The Snow Child- Eowyn Ivey

imageThe Snow Child by Eowyn Ivey was the book club read for June and one of which we had mixed feelings about.

On one hand the author did an excellent job of creating an impressive sense of time and space, depicting the bleak Alaskan landscape elegantly and the loneliness of working and living in such an environment.  On the other hand, most of us couldn’t getting to grips with the magical realism  element to the story.

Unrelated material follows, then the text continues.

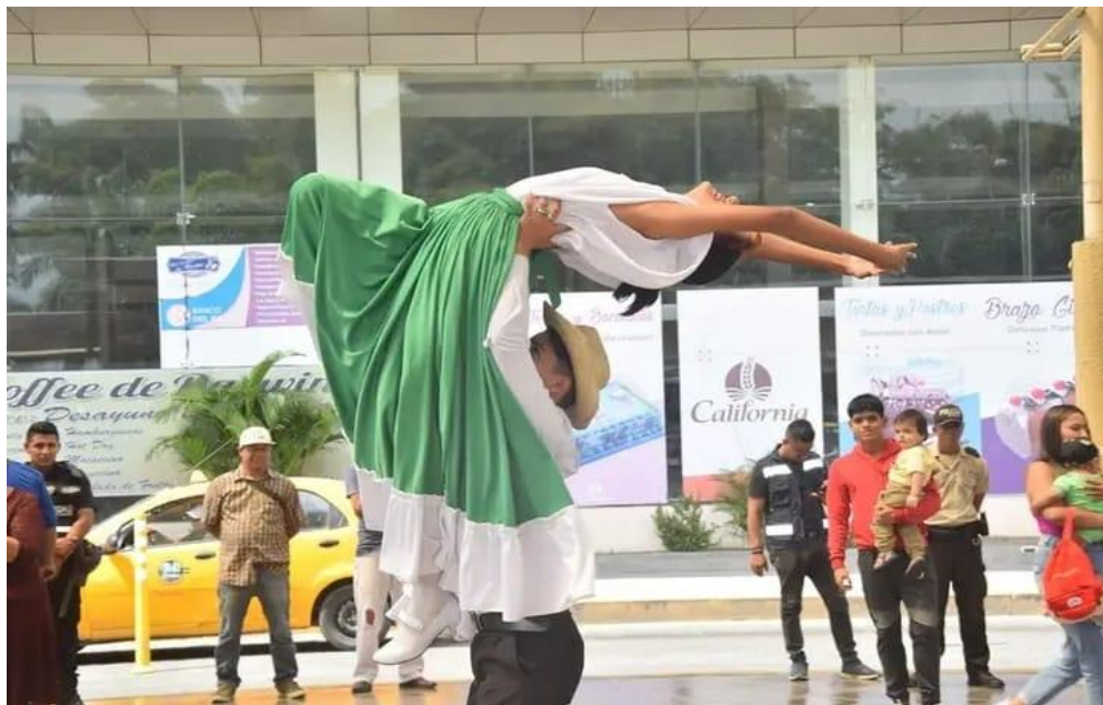
Evento cultural realizado por la Casa de la Cultura Núcleo de Los Ríos.

Was it fiction, was it a fairy tale – most of us were unsure.  Was Faina real?  If so, why where her conversations not in speech marks?  Why did she appear as this angelic character at first and then turn into a feral type creature?  Was she someone that appeared to other people, as well as Jack and Mabel, as a sign to improve lifes?  Certainly her gifts and presence enriched their lives and that would explain why she disappeared.

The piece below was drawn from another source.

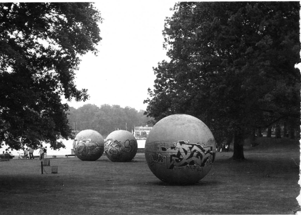
C. 奥尔登伯格 要命的巨型游泳池 混凝土制品 1987

Her relationship with Garrett, also changed his once shallow character, bringing some much needed depth.  Her killing of the swan that resulted in her wedding dress made of feathers perhaps was a sign that she intended to cement their relationship as one that would be for life, but it was not to be.

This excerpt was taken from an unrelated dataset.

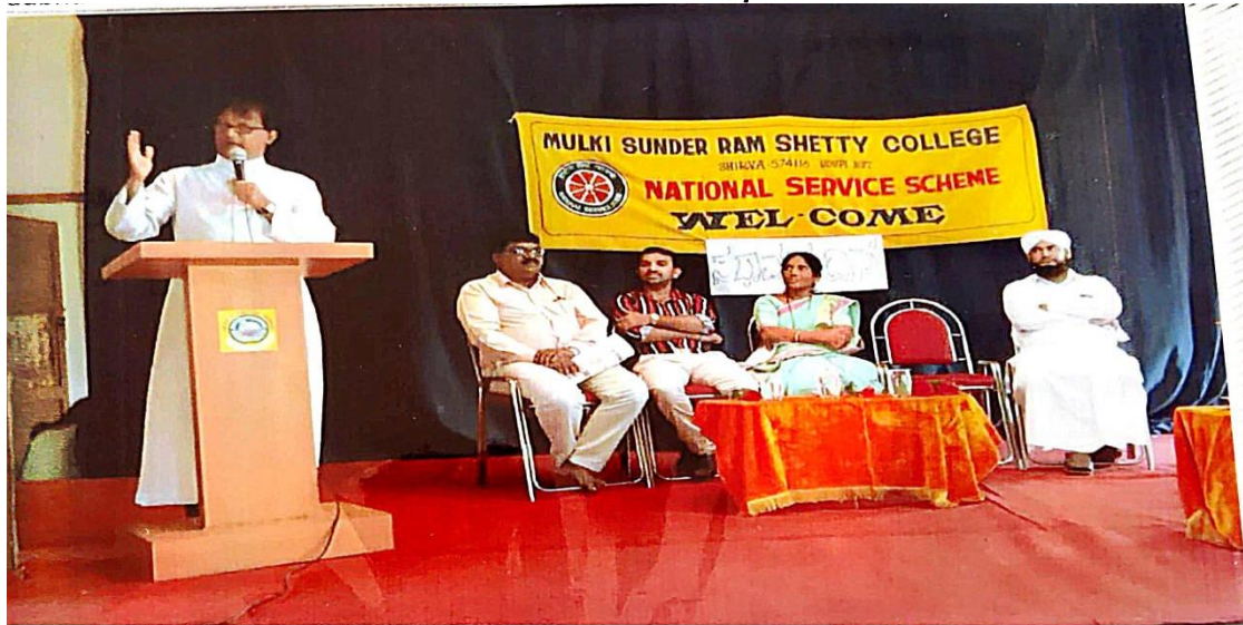
Chief Guest delivering the speech.

Perhaps it was Faina’s relationship with the fox that served as a metaphor that when man encounters anything of a wild nature, the latter will suffer.  Certainly Faina didn’t seem unduly distressed when this happened and what purpose did the fox serve – perhaps a Guardian?

The character of Mabel was one that irritated members; the fact that she seemed so unhappy with the landscape and was tied, perhaps more so by tradition, to the cabin.  Certainly the fact that she seemed reluctant to help out on the farm, when Jack was clearly struggling, seemed strange.  Who would see her do this in the middle of nowhere, but it seemed to be the reluctance of stepping outside convention that was driving a wedge in their relationship.

Of course the fact they were childless had affected their relationship deeply.  The fact that Jack was unable to tell his wife of the sex of their stillborn child and that he had buried the body, spoke volumes of their lack of communication and provided a residue of pent up emotion.

Mabel’s relationship with her sister also proved one where Mabel barely kept in touch, afraid to show that Jack and her had failed in their endeavours.  However, it was her relationship with Esther that proved to be the most satisfactory and in turn provided a more secure base for her and Jack to begin to turn their fortunes around on their farm.

All in all, the book provided us with an excellent discussion and we came to the conclusion that it was a marvellous fairy tale  and an easy read!